The task calls for the lines below from the line with "Passion fruit ice" to the line with "亨利八世一共娶了6位妻子,他", both ends included, copied exactly, without any pictures.

+++ Given data

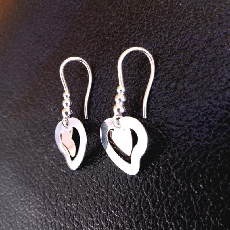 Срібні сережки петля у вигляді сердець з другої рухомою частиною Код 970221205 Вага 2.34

++++++
+++ Given data

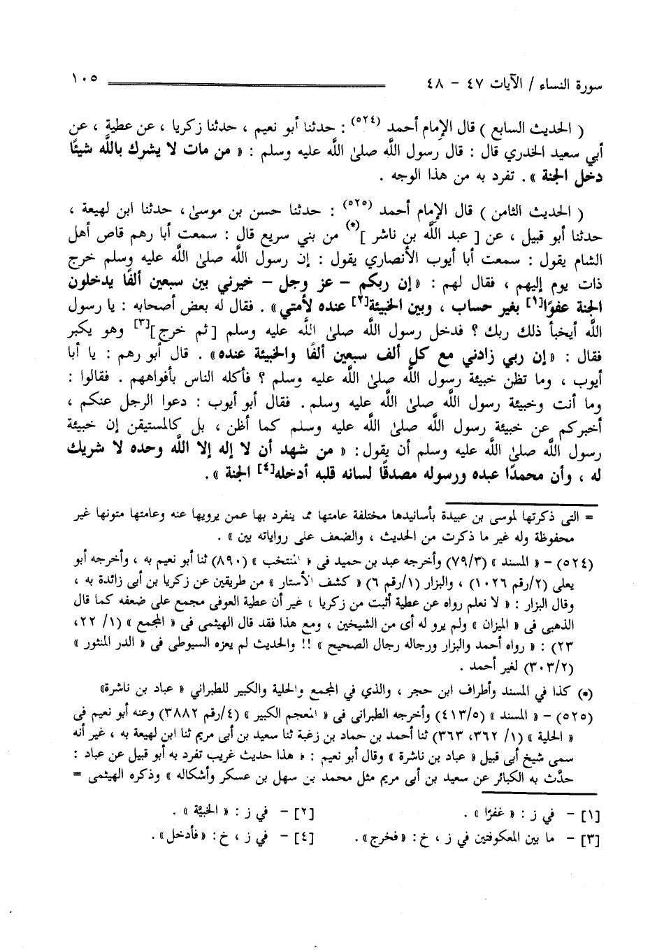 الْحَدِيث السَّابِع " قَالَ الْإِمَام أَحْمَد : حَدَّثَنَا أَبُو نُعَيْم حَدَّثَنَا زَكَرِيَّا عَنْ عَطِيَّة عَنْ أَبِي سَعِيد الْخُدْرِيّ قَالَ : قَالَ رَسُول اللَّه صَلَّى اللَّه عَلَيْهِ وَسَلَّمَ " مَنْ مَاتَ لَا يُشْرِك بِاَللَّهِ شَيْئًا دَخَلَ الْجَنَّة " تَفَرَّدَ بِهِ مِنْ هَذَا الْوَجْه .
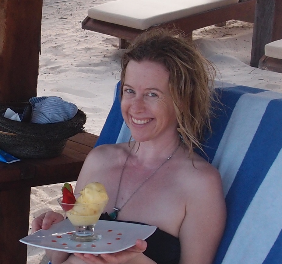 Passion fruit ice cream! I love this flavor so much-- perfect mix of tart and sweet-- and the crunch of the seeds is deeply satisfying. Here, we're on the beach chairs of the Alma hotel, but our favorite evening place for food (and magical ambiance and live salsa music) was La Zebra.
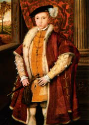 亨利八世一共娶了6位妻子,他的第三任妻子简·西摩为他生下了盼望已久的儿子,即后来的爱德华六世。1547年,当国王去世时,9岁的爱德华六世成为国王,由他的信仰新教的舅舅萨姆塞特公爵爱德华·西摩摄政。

++++++

Task result:
 Passion fruit ice cream! I love this flavor so much-- perfect mix of tart and sweet-- and the crunch of the seeds is deeply satisfying. Here, we're on the beach chairs of the Alma hotel, but our favorite evening place for food (and magical ambiance and live salsa music) was La Zebra.
 亨利八世一共娶了6位妻子,他的第三任妻子简·西摩为他生下了盼望已久的儿子,即后来的爱德华六世。1547年,当国王去世时,9岁的爱德华六世成为国王,由他的信仰新教的舅舅萨姆塞特公爵爱德华·西摩摄政。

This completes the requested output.